Spring 2014 Vol. 13 Number 2
How Are You, REALLY?
Measuring Well-Being to Inform Policy
Interest in measuring how people feel about their experiences and how satisfied they are with their lives has grown in recent years among policymakers, researchers, the media, and the general public. This stems from concerns that traditional economic measures, such as gross domestic product, do not on their own reflect a population's or country's quality of life adequately.
The National Institute on Aging and the United Kingdom's Economic and Social Research Council asked the National Research Council to assess whether measuring "experienced well-being" -- moment-to-moment, hour-to-hour, and day-to-day feelings of pleasure, contentment, anxiety, pain, etc. -- has value for informing policy.

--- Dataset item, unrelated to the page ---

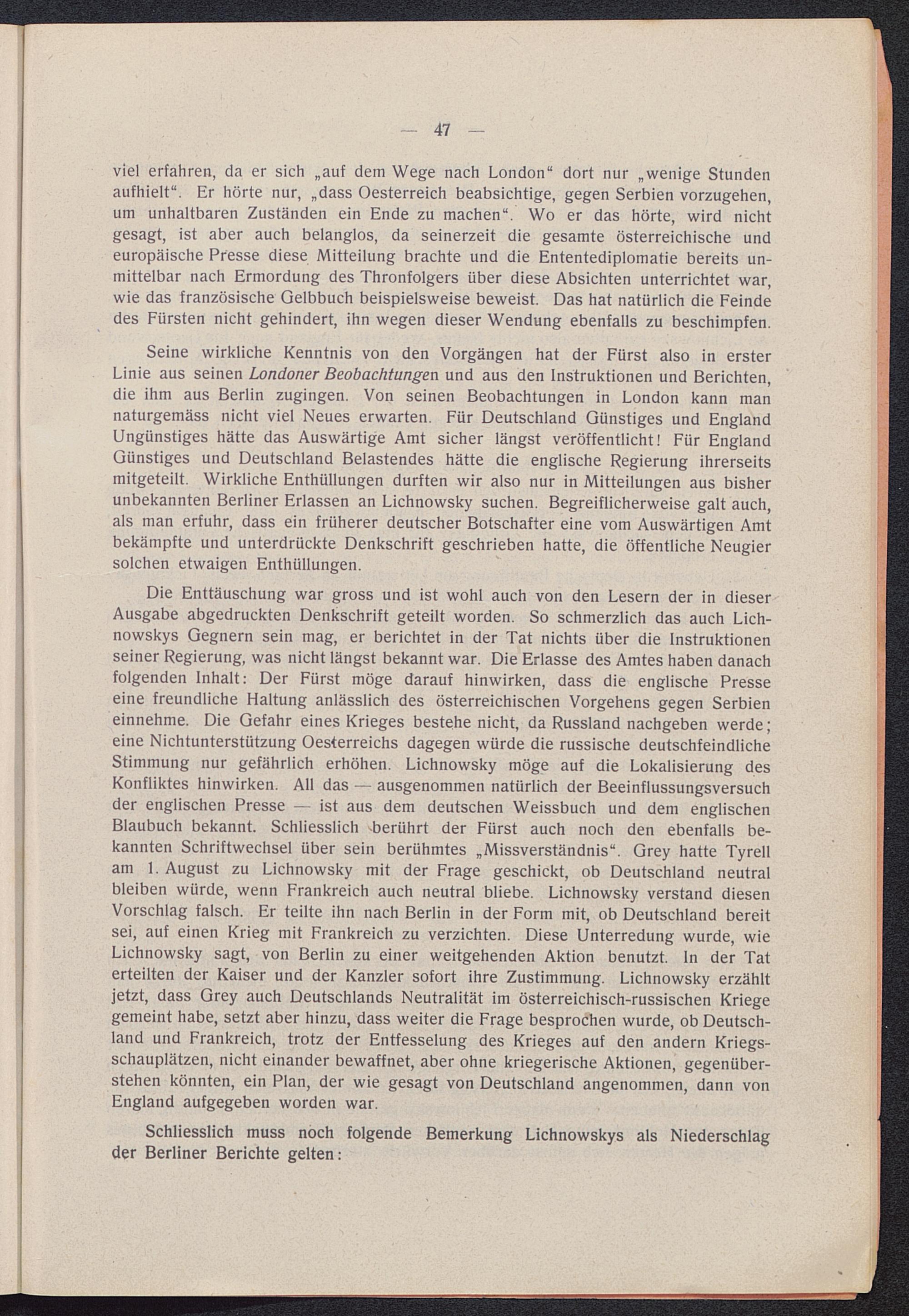 Die Denkschrift des Fürsten Lichnowsky : [der vollständige Wortlaut] ; meine Londoner Mission 1912 - 14, von Fürst Lichnowsky, ehemaliger deutscher Botschafter in London ; [zur Vorgeschichte des Krieges] / hrsg. von einer Gruppe von Friedensfreunden

The resulting report says that well-informed policy decisions need to consider the "evaluative" and "eudaimonic" aspects of self-reported well-being. Evaluative well-being reflects a person's assessment of his or her overall life satisfaction. Eudaimonic well-being refers to a person's perceptions of purpose and the meaningfulness (or pointlessness) of the activities he or she is engaged in, and of life overall. An activity can rate highly in one area and low in another. For example, time spent caring for children is typically reported as being more meaningful than pleasurable, while the opposite is true for other activities, such as watching television.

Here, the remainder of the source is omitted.